Because the homeless are a transient population, where they were counted may not accurately reflect where they tend to spend the night, Rowe said.

However, the numbers provide a good indication, because the count was conducted between 10 p.m. and 2 a.m., when many were headed towards or already at their sleeping spots.

“Those sleeping points are the anchor points for their daily routines,” she said, noting that many don’t own cars or bicycles and, as a result, tend to confine themselves to certain parts of the city.

The new birds-eye view of where the homeless are will not change the course of action City officials embarked on during the past year, which calls for providing housing and offering help to the most hard-core of the homeless, Rowe said.

But the numbers could lead to strategies that, in some instances, may target specific areas of the city.

“We’re concerned about the problem wherever it is,” said Kathryn Dodson, president and CEO of the Santa Monica Chamber of Commerce, many of whose members own businesses in the Downtown area.

Chamber officials, Dodson said, may soon consider weighing in on a proposal to dedicate a Veteran’s Administration facility in Westwood for homeless vets and have plans to convene a Westside Chamber meeting on homelessness.

Most recently, a chamber committee on homelessness met with key City officials to discuss what businesses can do. Proposals include passing out cards to business owners to help them contact the appropriate City service and creating pocket-sized cards to help the homeless know what services are available to them.

“This issue is of critical importance and is ranked as the number one issue for residents and business alike, and I bet it would be the most important priority for tourists if they were polled too,” Dodson said.

Despite the most exhaustive count every conducted in the county, it is still unclear how many homeless call Santa Monica home.

Seven of Santa Monica’s 19 census tracts were not counted at all, and the numbers cited by City officials are based on how many individuals were actually seen by the census takers.

The research firm which crunched the data for the Los Angeles Homeless Services Authority (LAHSA) -- the agency which headed up the historic count in January 2005 -- estimated there may be as many as 1,991 homeless living in Santa Monica. They based the number on the actual count, as well as on statistical estimates.

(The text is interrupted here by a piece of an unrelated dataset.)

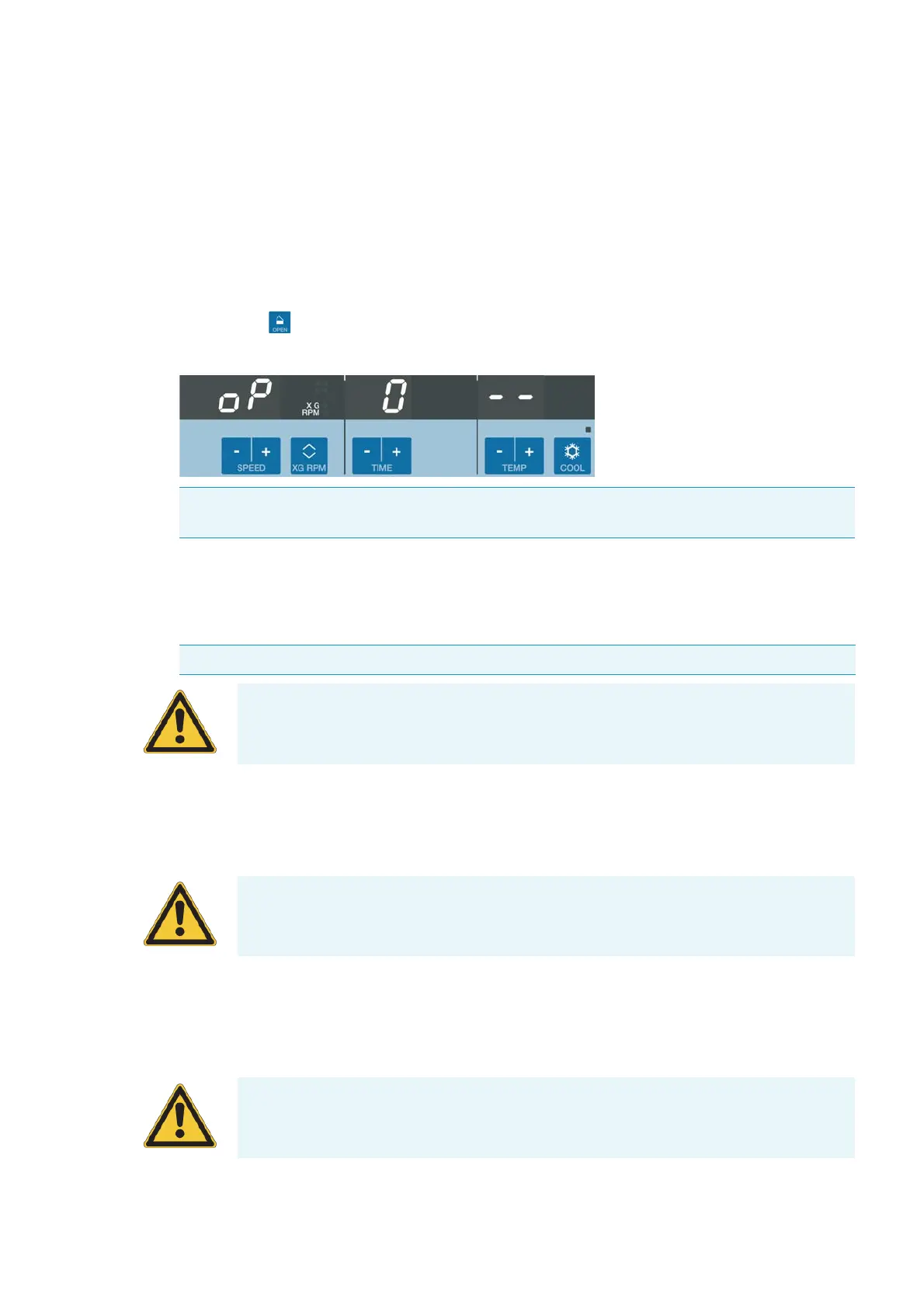 The centrifuge shows the actual value in the display. Speed and runtime show 0. The display shows

The areas excluded from any count -- statistical, actual or otherwise -- were significant.

They include two large census tracts north of Montana Avenue and five tracts in the eastern section of the city. In addition, in two tracts between Lincoln Boulevard and 20th Street -- one between Washington Avenue and Wilshire Boulevard, the other encompassing the I-10 Freeway between Colorado Avenue and Pico Boulevard -- the homeless were not counted outside of shelters.

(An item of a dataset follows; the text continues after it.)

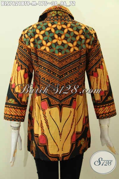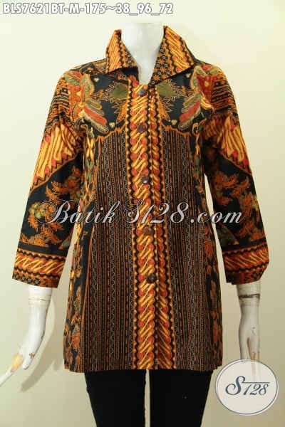 Baju Batik Hem Wanita, Blus Batik Dengan Kerah, Pakaian Batik Motif Klasik Elegan Untuk Kerja Kantoran Wanita Muda [BLS7621BT-M]
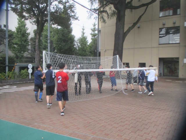今朝の全体練習は雨天のため中止になりましたが、午後には雨が上がり予定通りサッカーゴールの片付けやテントの設置などが行えました。

In fact, the general snapshot shows far more individuals unsheltered than sheltered in Santa Monica: 243 people were counted in shelters across the city, while 949 were counted on the street.

Five census tracts showed sheltered populations: In tract 7018.02, 58 individuals were counted at the CLARE facility; in tract 7019 (which contains most of Downtown) 62 individuals were counted in three facilities now owned by OPCC -- including Samoshel, Safehaven and the Daybreak Shelter; in tract 7015.01, 68 individuals were counted at the Upward Bound program; in tract 7017.02, the Turning Point transitional housing sheltered 47 people, and tract 7022.01 claimed eight sheltered persons.

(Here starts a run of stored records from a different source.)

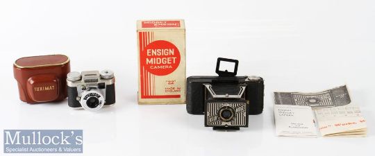 Houghton-Butcher Ensign Midget 22 folding camera appears complete with maker’s box, instructions, together with a Kunik Tuximat Miniature camera made in Western Germany with leather case (2)
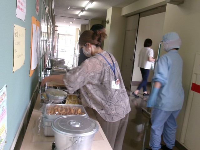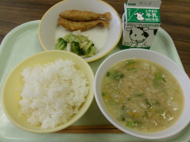 今日の献立は、ごはん、牛乳、わかさぎのフリッター、ブロッコリーの和え物、坦々春雨スープです。
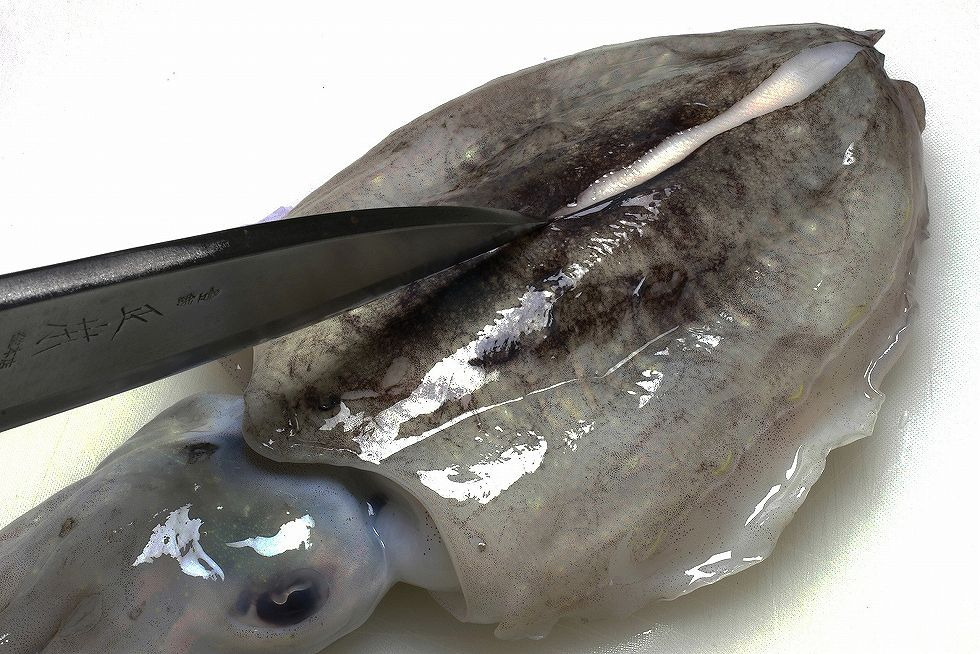 갑오징어의 갑을 꺼내고 내장을 제거합니다.

Another facility sheltering mostly women in the city from domestic abuse was also counted. However, City officials declined to reveal its location, citing safety concerns.

The Countywide count, which found 88,000 people living on the streets each night, also indicates that homelessness in Santa Monica has been on the rise since a 1999 count by the City pointed to 1,037 people on the streets each night. The county’s current estimate of 1,991 indicates a 28 percent increase in Santa Monica's homeless population.

The fact that the most homeless call the west side of Lincoln Boulevard home is not surprising, according to Dodson and Rowe, nor may it be particularly helpful in putting strategies into play.

But it may help in one respect.

“More than anything, it’s helped raise awareness about the issue far and above what it ever was before,” Rowe said.